Jack Kelly is a former Marine and Green Beret who was a deputy assistant secretary of the Air Force during the Reagan administration. He is presently a columnist at the Post-Gazette, and can be described as a reliably hawkish unilateralist and free-market fundamentalist. As a special feature of the Comet, we will attempt to debunk the dangerous and foolhardy ideas put forth by Pittsburgh's most prominent ultra-conservative.
We have been describing Jack Kelly as a "hawkish unilateralist" in foreign policy, and a "free-market fundamentalist" in economics. It is remarkable how often, in think-tankery, those two unrelated threads coincide. After reading I Vote For Global Warming, we are reminded that those are always joined by a third: the stubborn refusal to believe the increasingly vast majority of climate scientists. Stunning.
It is almost as though these unrelated positions spring from some sort of bedrock principle: that those who possess power ought to be free to satisfy their appetites and pursue their designs, without any heed to the consequences for others, let alone some ephemeral "common good." I suppose one could call this "greed," although thanks to Ayn Rand, it's a decidedly sexy, heroic brand of greed.
Jack Kelly writes of the new climate change report:
And this is based on hypothetical piled upon hypothetical and computer models which cannot duplicate the actual climate of the present or the recent past.
Translation: I don't trust your fancy "science."
No, seriously. Kelly goes on to admit some global warming, but only unrelated to the industry of mankind. He blames natural cycles, notably cosmic rays and sun spots. He then cites a few dissenting scientists: Singer & Avery, Svensmark & Calder, and Abdussamatov.

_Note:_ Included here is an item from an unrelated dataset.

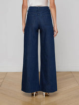 Meet Pacey—a polished high-rise jean designed with a wide 2” waistband. The Pacey sits at the natural waist, runs fitted through the hips, and drapes into a dramatic wide leg. The perfect desk-to-drinks jean for a clean, pulled-together look. Now back in a clean dark wash.

That last fellow seems to be the new kid on the block. The St. Petersburg space researcher is also cited in a (strikingly similar) column this week in the National Post of Canada. We mention this because the last time Kelly wrote a piece on global warming, it also bore striking similarities to a piece in the National Post of Canada. (h/t TPJs). We wonder about that curious pipeline!
The point is, the arrival of Abdussamatov notwithstanding, you can literally count these guys on one hand. The current score is literally 3,750 against maybe 6; the "new discoveries" by the 6 are in no way unfamiliar to the 3,750. Unfortunately, we all must acknowledge that Copernicus and Einstein were once in the minority. Its very difficult for a lay-person to fisk the arguments of a few media-savvy scientists.
Yet clues as to how to proceed can be found throughout the text of the Singer-Avery book, which Kelly cites. Rather unlike your standard scientific report, the authors constantly pause to insult their opposition: They hate mankind. They hate progress. They get a thrill out of scaring people. It's like academic Turrets Syndrome, and it's revealing of a weakness.
What sounds more likely: a global conspiracy among 4,000 scientists, all in pursuit of the purely psychic reward of spite, and dislike of Wal-Mart?
Or a conspiracy among 5 or 6 scientists, supported by 5 or 6 global energy consortiums, in pursuit of a real and vast monetary reward, for being able to milk their present business-plans just a decade or two longer?
I suppose Jack Kelly could find it suspicious that a taste for economic regulation, a distaste for warfare, and a willingness to heed the scientific super-majority, so often coincide.
In our case, the common thread is a simple concern for our fellow man, a compassion in no way specific to our own culture, but which is often called "Christian." No doubt Ayn Rand would find us quite unappealing.